Friends of Angola

Angolans go to the polls on Wednesday to pick their first new president in decades, but money-laundering and bribery cases in Portugal are raising questions about the ability of Africa’s No. 2 oil producer to tackle corruption and right its economy.
By

Gabriele Steinhauser in Luanda, Angola, and

Patricia Kowsmann in Lisbon

João Lourenço, the front-running presidential candidate of the People’s Movement for the Liberation of Angola, attends a campaign rally in Lobito, Angola, on Aug. 17.Photo: MANUEL DE ALMEIDA/European Pressphoto Agency

Angolans go to the polls this week to pick their first new president in decades, but money-laundering and bribery cases are raising questions about the ability of Africa’s No. 2 oil producer to tackle corruption and right its economy.

João Lourenço, a former general who is favored to win Wednesday’s election, has promised to increase transparency as low oil prices have crippled government resources and the kwanza currency.

How he responds to the cases in the country’s old colonial master Portugal will go a long way toward determining whether Angola, which Transparency International has rated one of the world’s most corrupt nations, can clean up its act.

Although Angola’s per-capita gross domestic product of $4,342 is among the highest in sub-Saharan Africa, the majority of its 29 million people live in poverty. At 52.4 years, it has the world’s second-lowest average life expectancy, behind only much poorer Sierra Leone.
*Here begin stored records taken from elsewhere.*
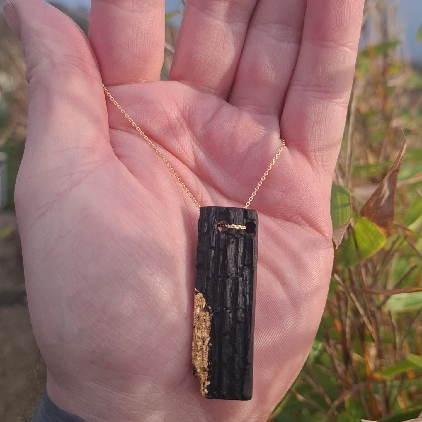 Aimsir – Halskette aus irischer Mooreiche mit 23,75-karätigem Blattgold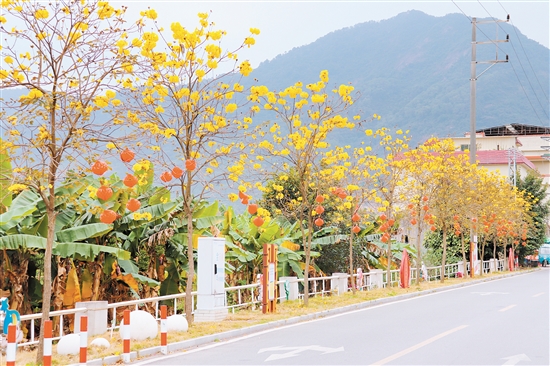 走在杜阮鎮(zhèn)上巷村的村道上,新種植的黃花風(fēng)鈴木開得正盛,形成了一條數(shù)百米的“黃金帶”;在棠下鎮(zhèn)五洞村,村道上新種植的簕杜鵑齊齊盛放、姹紫嫣紅;在潮連街道盧邊社區(qū),道路兩旁的樹木郁郁蔥蔥、枝繁葉茂,一派生機(jī)勃勃的景象……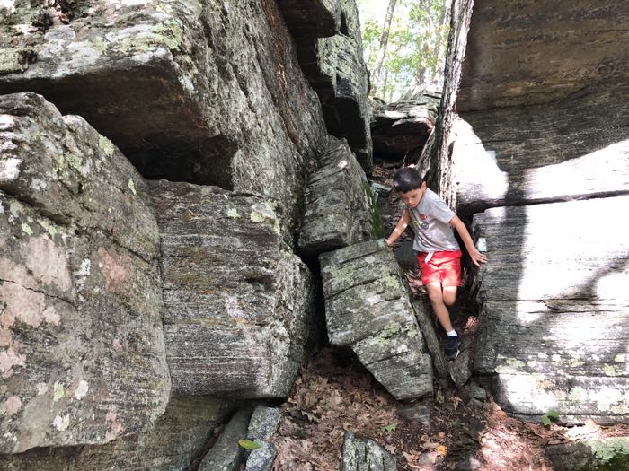 Looking back at my 2008 hike through here, I’m annoyed that I sort of glossed over these things. Granted, we did hike through a forest fire that day, but still. The official blazed trail through here is meant to be fun. Yes, this whole Bear’s Den thing is patently absurd and you can simply walk around it, and… I’ll let the BLT explain: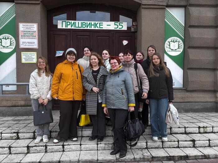 24 октября 2025 года студенты 25 и 32 групп (классные руководители Тюнина Л.А. и Филина Е.Д.) БПОУ ОО «Мезенский педагогический колледж» с использованием «Пушкинской карты» посетили интеллектуальный литературно-кинематографический квиз в Орловской детской библиотеке им. М.М.Пришвина.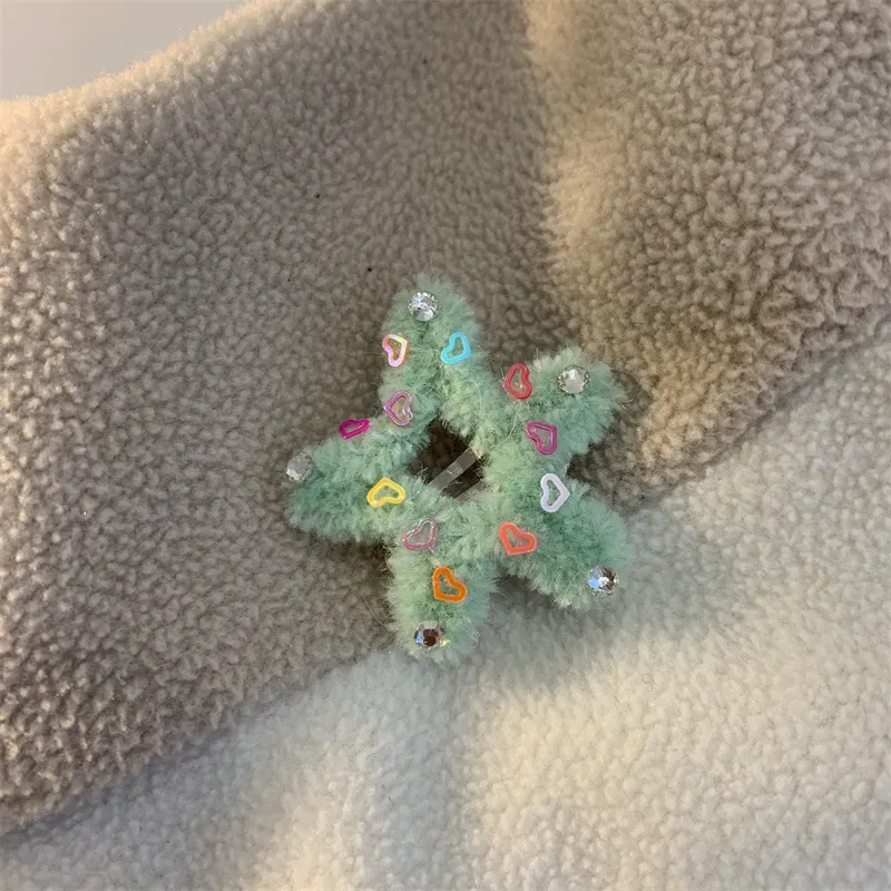 Hairy Hair Clip Diamond-encrusted Five-pointed Star Edge Clip Bangs Clip Headwear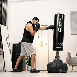 ARTICOLO NUOVO 10 PEZZI DISPONIBILI Il kit include: - sacco autoportante - guantoni boxe 10oz - corda - fasce da boxe 2,5m Sacco da allenamento autoportante HS è un'ottima alternativa al tradizionale sacco da boxe, che non richiede montaggio al soffitto. È uno strumento che può essere utilizzato non solo per perfezionare le tecniche di arti marziali, ma anche come forma di allenamento di potenziamento, mirato a costruire forza e scolpire i muscoli . Il sacco da allenamento con un'altezza di 180 cm e un diametro di 32 cm, è caratterizzato da un sistema anti-shock innovativo , basato su 4 molle con ammortizzatori, che elimina le vibrazioni e le oscillazioni che si verificano durante l'allenamento. Base stabile , dotata di 25 ventose , previene lo spostamento del sacco e garantisce un allenamento sicuro nel comfort della propria casa Allenamento efficace e sicuro Sacco autoportante HS con dimensioni 180 x 32 cm rappresenta un'ottima proposta sia per gli allenamenti di arti marziali, sia come strumento per esercizi di potenziamento , volti a sviluppare forza e scolpire i muscoli. Grazie alle innovazioni applicate, come il sistema anti-shock , il supporto su basi a molla e la tecnologia di rotazione a 360 gradi , garantisce un allenamento efficace e sicuro , eliminando completamente la necessità di montaggio al soffitto, necessario per i tradizionali sacchi da boxe. Sistema di assorbimento degli urti Il sacco da allenamento autoportante è dotato di una tecnologia anti-shock innovativa , che elimina efficacemente le vibrazioni e le oscillazioni che si verificano durante l'esecuzione dei colpi. Funziona secondo il principio di un sistema a quattro molle posizionate alla base del sacco, con ammortizzatori aggiuntivi su entrambi i lati. Al momento del colpo, le molle reagiscono, ritirandosi all'indietro, e gli ammortizzatori assorbono efficacemente tutte le vibrazioni . Questo meccanismo permette all'utente di percepire vibrazioni minime.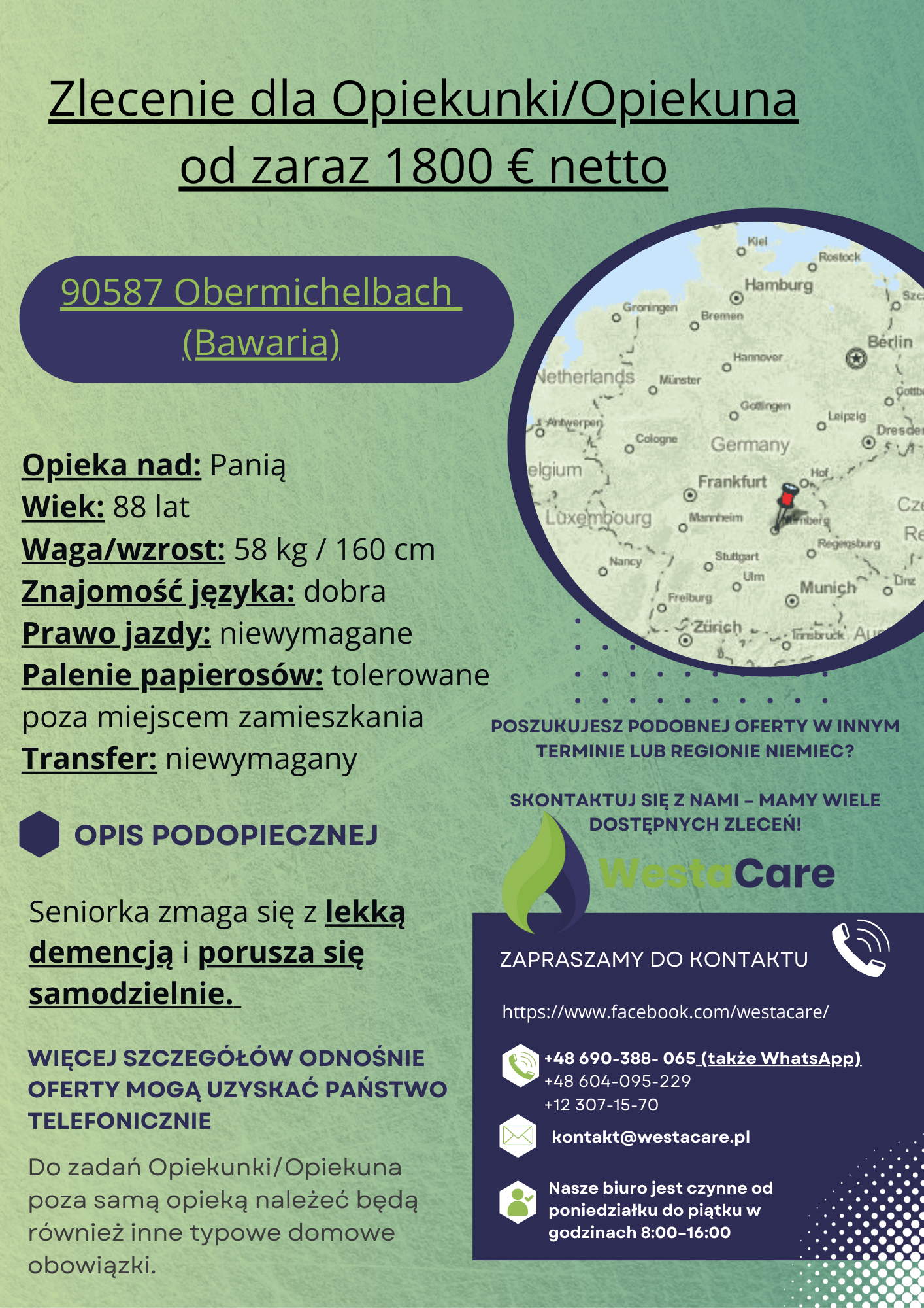 Zlecenie dla Opiekunki/Opiekuna od zaraz 1800 € netto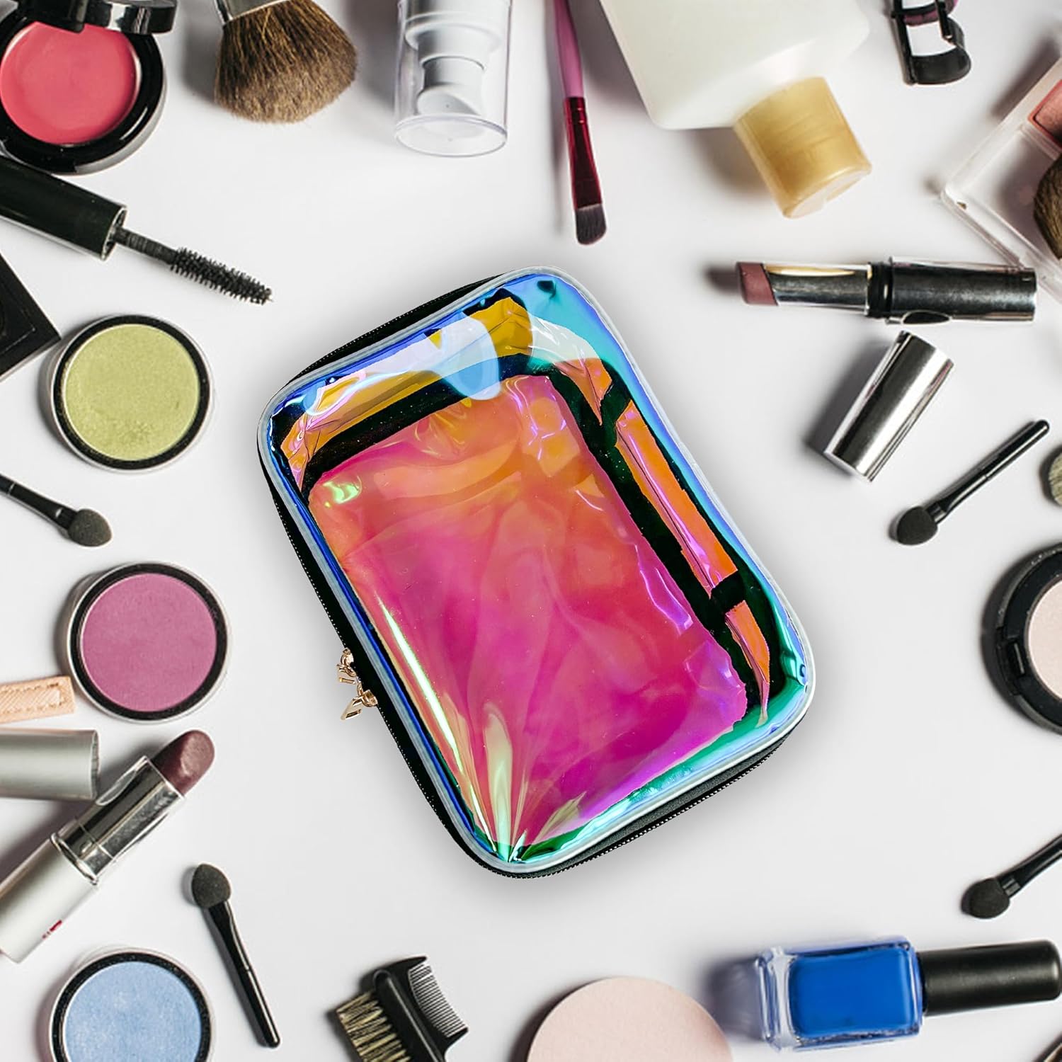 - ๐ทใWide Range of UsesใOur transparent holographic cosmetic bag can not only be used as a storage bag,waterproof bag,gift bag,frequently used item bag,but also can be used to store cash,glasses,keys,portable batteries,etc.This waterproof and dustproof tote makeup bag keeps everything safe and prevents liquid leaks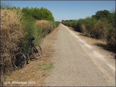 Die Benutzungsanleitung für die Vía Verde erinnert eher an deutsche Bürokratie: immerhin, Höchstgeschwindigkeit 20 kmh und nicht 10 kmh wie sonst üblich! Durch einen Schilfgürtel geht es stadtauswärts.
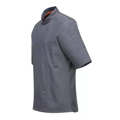 MeshAir panelekkel ellátott C738 ideális megoldás a forró konyhai környezetre. Dupla gombolású rejtett rögzítéssel és tollzsebbel. Stílusos és praktikus séfkabát.
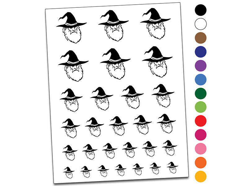 Wise Wizard Old Man Beard Hat Temporary Tattoo Water Resistant Fake Body Art Set Collection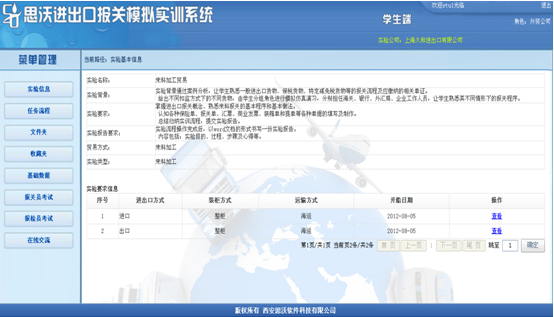 實(shi)驗信息、任務流程、文件夾、收藏夾、基礎數據和在(zai)線交流可(ke)參(can)考(kao)外(wai)貿公司中(zhong)相(xiang)同的模塊。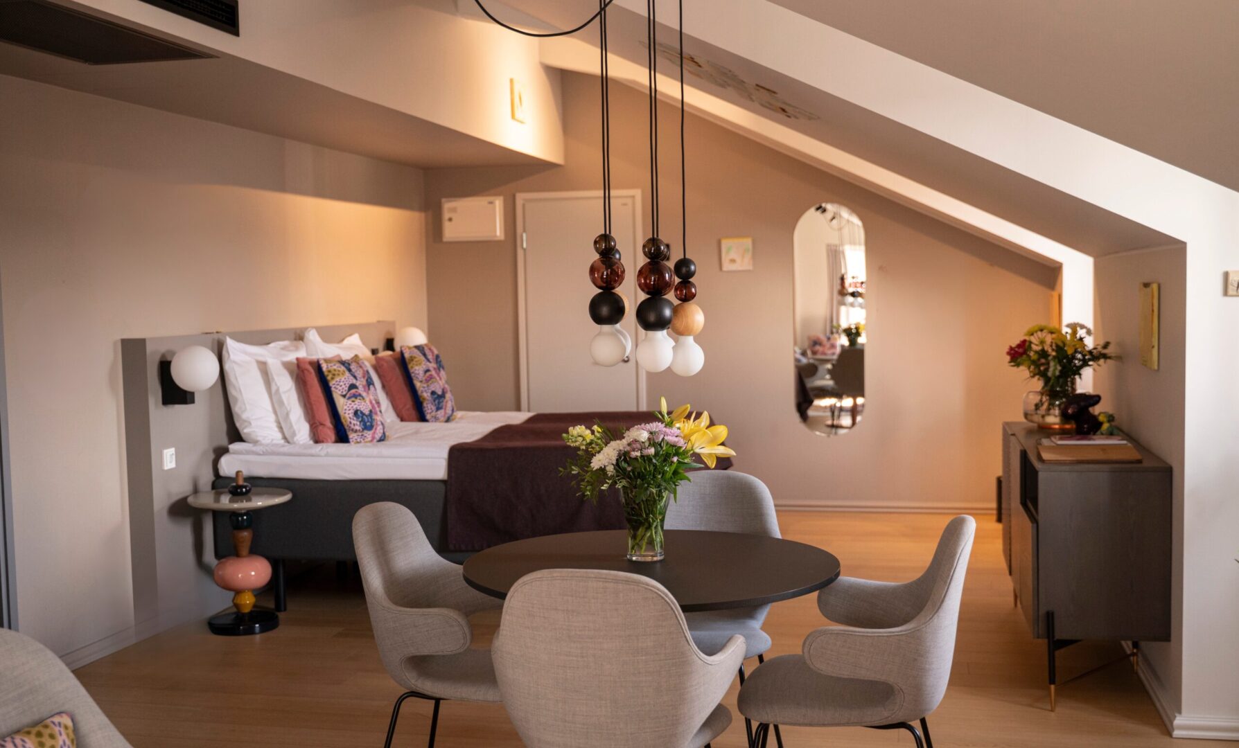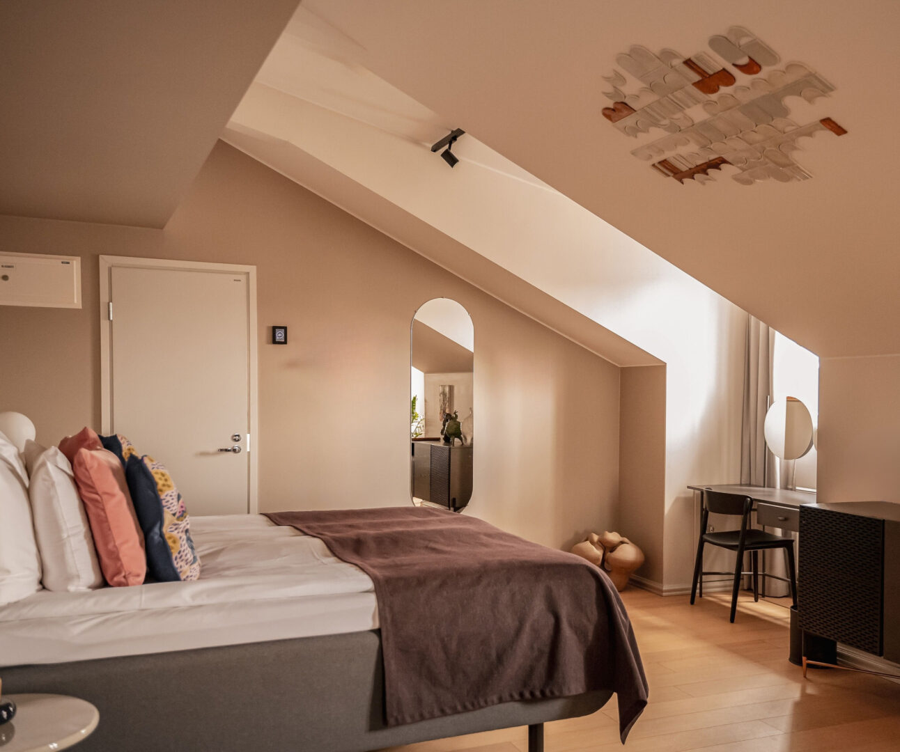 The Atelier on hotellimme ylellisin sekä mielenkiintoisin huone. The Atelier sijaitsee hotellin historiallisen rakennuksen ylimmässä kerroksessa. Huoneesta on avarat näkymät Konepajalle ja huoneessa on kaunis viisto katto, sekä kiinnostavaa taidetta ja design-elementtejä.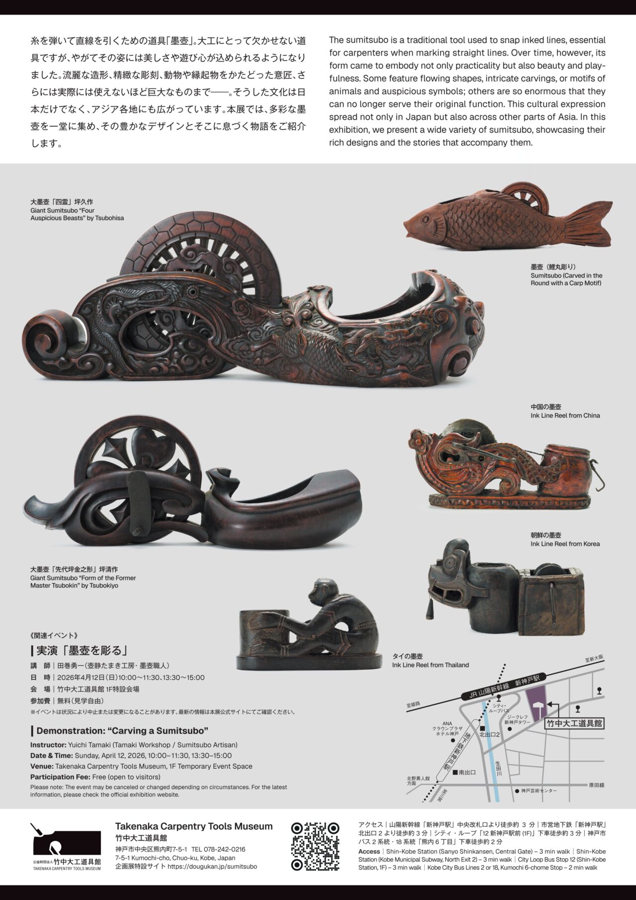 開催日時 2026年4月12(日) 10:00~11:30・13:30~15:00のお好きな時間 開催場所 竹中大工道具館 1階ホール 備考 講 師 田巻勇一(壺静たまき工房・墨壺職人)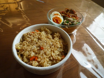 少しだけ残ったカレーを使ってチャーハンを作りました。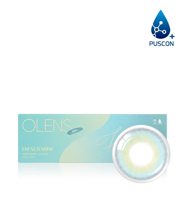 OLENS 1-Day French Shine Aqua lenses fuse advanced PUSCON hydrogel and 48% hydration with a luminous gold-tinted aqua gradation, precise dimensions for natural enlargement, a daily disposable 10 pack format, and a broad prescription range for radiant, comfortable wear.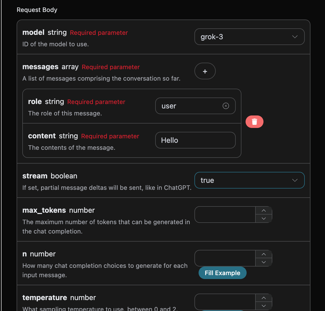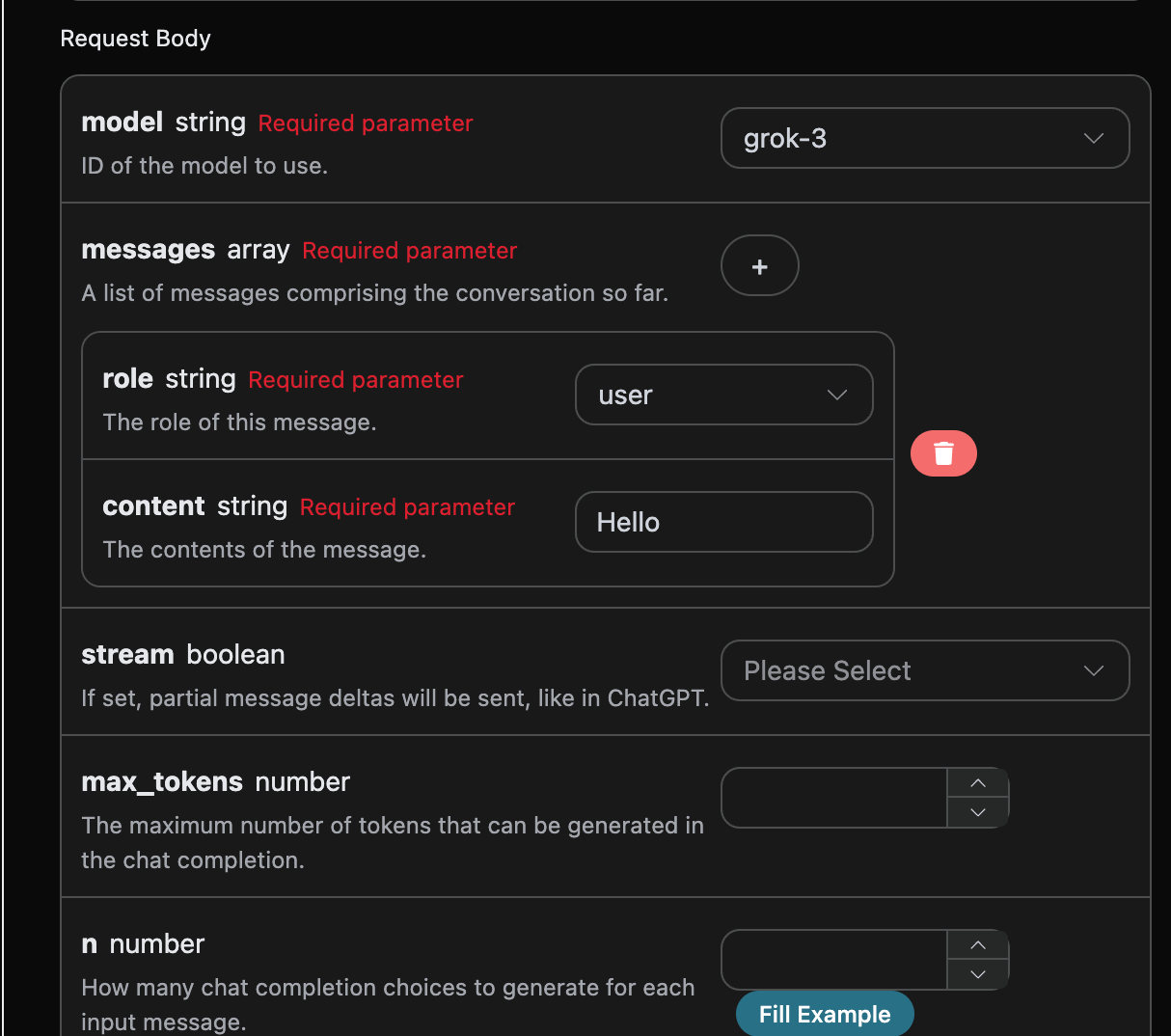 在第一次使用该接口时,我们至少需要填写三个内容,一个是 authorization,直接在下拉列表里面选择即可。另一个参数是 model, model 就是我们选择使用 Grok 官网模型类别,这里我们主要有 8 种模型,详情可以看我们提供的模型。最后一个参数是messages,messages是我们输入的提问词数组,它是一个数组,表示可以同时上传多个提问词,每个提问词包含了 role 和 content,其中 role 表示提问者的角色,我们提供了三种身份,分别为 user 、assistant、system 。另一个 content 就是我们提问的具体内容。

The cases have implicated key members of the regime of longtime President José Eduardo dos Santos, and Sonangol, the state oil company that has powered the southern African nation’s economy since the country emerged from civil war in 2002.

They shine a light on how prominent Angolans were allegedly able to funnel millions of dollars into luxury Portuguese properties even as its citizens remained among the world’s poorest, but also illustrate European authorities’ heightened efforts to rein in potentially illicit financial flows from Africa.

A spokesman for Mr. dos Santos, who isn’t implicated in any of the cases, declined to comment.

“The Portuguese seem to be kicking into action,” said Ricardo Soares de Oliveira, associate professor of African politics at Oxford University.